Internalization of ExtHD was slightly sensitive to chondroitinase ABC (ChABC) treatment (Fig. 2b). By contrast, heparinase II (HepII) treatment decreased protein internalization by 50%. Combining HepII and ChABC treatments further decreased ExtHD internalization only by 10%. Finally, when cells were treated with mixed heparinases I–III, ExtHD internalization efficacy dramatically dropped to 15% compared to untreated cells, down to levels similar to the ones measured in GAG-deficient cells.

Altogether, the presence of the 17-amino acid extension rich in basic residues that precedes the homeodomain strongly stimulates ExtHD internalization provided that HS are present at the cell-surface, while the GAG-dependence of HD internalization appears less pronounced. The importance of the 17-amino acid extension for ExtHD internalization was confirmed with the SH-SY5Y neuronal cell line that contains similar content of cell-surface HS and CS30. As in CHO-K1, ExtHD indeed internalized ~4-fold better than HD in SH-SY5Y cells, and its internalization decreased ~3-fold with heparinase treatment of the cells (Supplementary Fig. 16). It should be noted that although our MALDI-TOF-based internalization assay could not be applied to the full-length En2 protein (see details in the Methods section), the ability of this protein to internalize into CHO-K1 cells was however evidenced qualitatively by fluorescence imaging obtained by confocal microscopy (carboxyfluorescein-labeled full-length En2 is visualized inside cells in images of Supplementary Fig. 19a, b).

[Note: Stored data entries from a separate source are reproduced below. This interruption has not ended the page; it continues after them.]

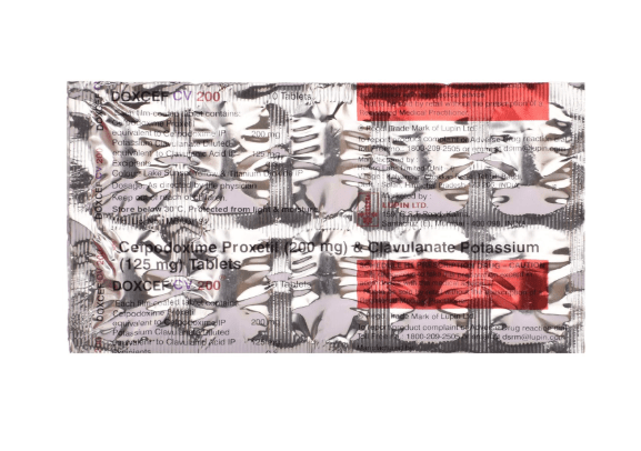 Doxcef CV 200 is a broad-spectrum antibiotic that combines Cefpodoxime (a third-generation cephalosporin) and Clavulanic Acid (a β-lactamase inhibitor). This combination is used to treat a variety of bacterial infections such as respiratory tract infections, urinary tract infections, ear, nose, throat infections, skin infections, and soft tissue infections.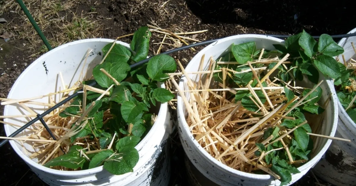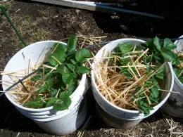 As the leafy part of the potato grows add straw or shredded paper or even some soil around the stems.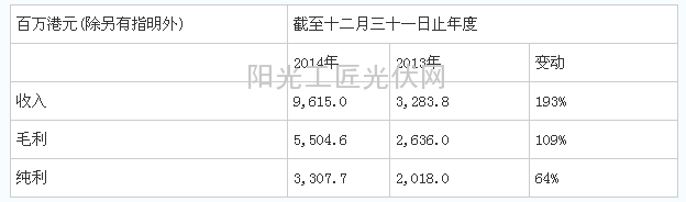 在纯利方面,2014年汉能薄膜发电共录得纯利33亿港元,比上年增长64%。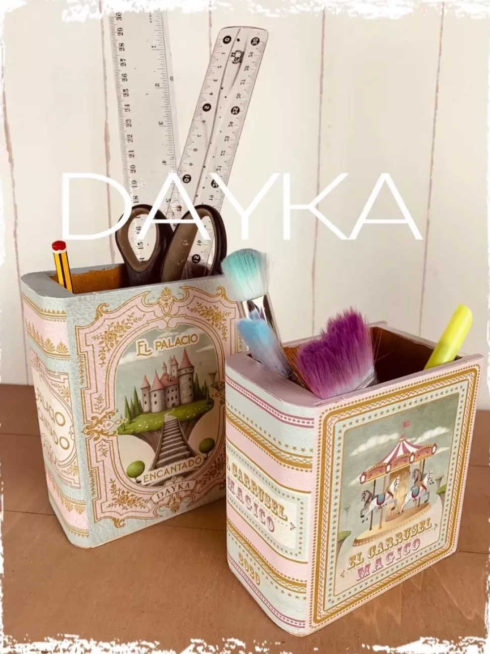 - Están decorados imitando la portada y el lomo de un cuento infantil con motivos de carrusel y palacio encantado.

ExtHD recognizes only highly sulfated HS motifs

At the cell surface, HS is a heterogeneous linear polymer that contains highly sulfated regions (so-called S-domains) interspersed with less sulfated and non-sulfated ones31,32. To identify if specific structures within HS were responsible for protein binding, we performed a microarray analysis to probe the interaction of ExtHD with 52 structurally defined HS oligosaccharides of different lengths (from 5-mer to 18-mer) and sulfation patterns (Supplementary Fig. 1). As shown in Supplementary Figs. 2 and 3, the oligosaccharides that bind the more efficiently ExtHD are the 12-mer compounds 18 and 19, which have the greatest number of sulfates and the highest charge densities (i.e., number of sulfates per disaccharide unit).

Notable is the presence of two fully sulfated disaccharide units (N-, 2-O, 3-O and 6-O sulfation) in compound 18 and one in compound 19. A significant fluorescent signal was also observed for the 12-mer compound 22 that contains 4 trisulfated disaccharide units lacking 3-O sulfation. By contrast, the 12-mer compounds containing only one or two sulfate groups per disaccharide unit (compounds 23 to 25) did not yield significant signals, regardless of sulfate distribution. Investigating oligosaccharide length, only low-intensity signals were observed for the sulfated compounds of the 6-, 7- and 9-mer series, including the highly sulfated compound 16 (6-mer, 8 sulfates), indicating that ExtHD better recognizes longer HS fragments (≥12 saccharide residues), which is supported by the significant fluorescence signal recorded for compound 27 (Supplementary Fig. 3). Overall, this screening profile shows that ExtHD binds selectively to long and highly charged HS, with a strong preference for trisulfated and tetrasulfated disaccharide units.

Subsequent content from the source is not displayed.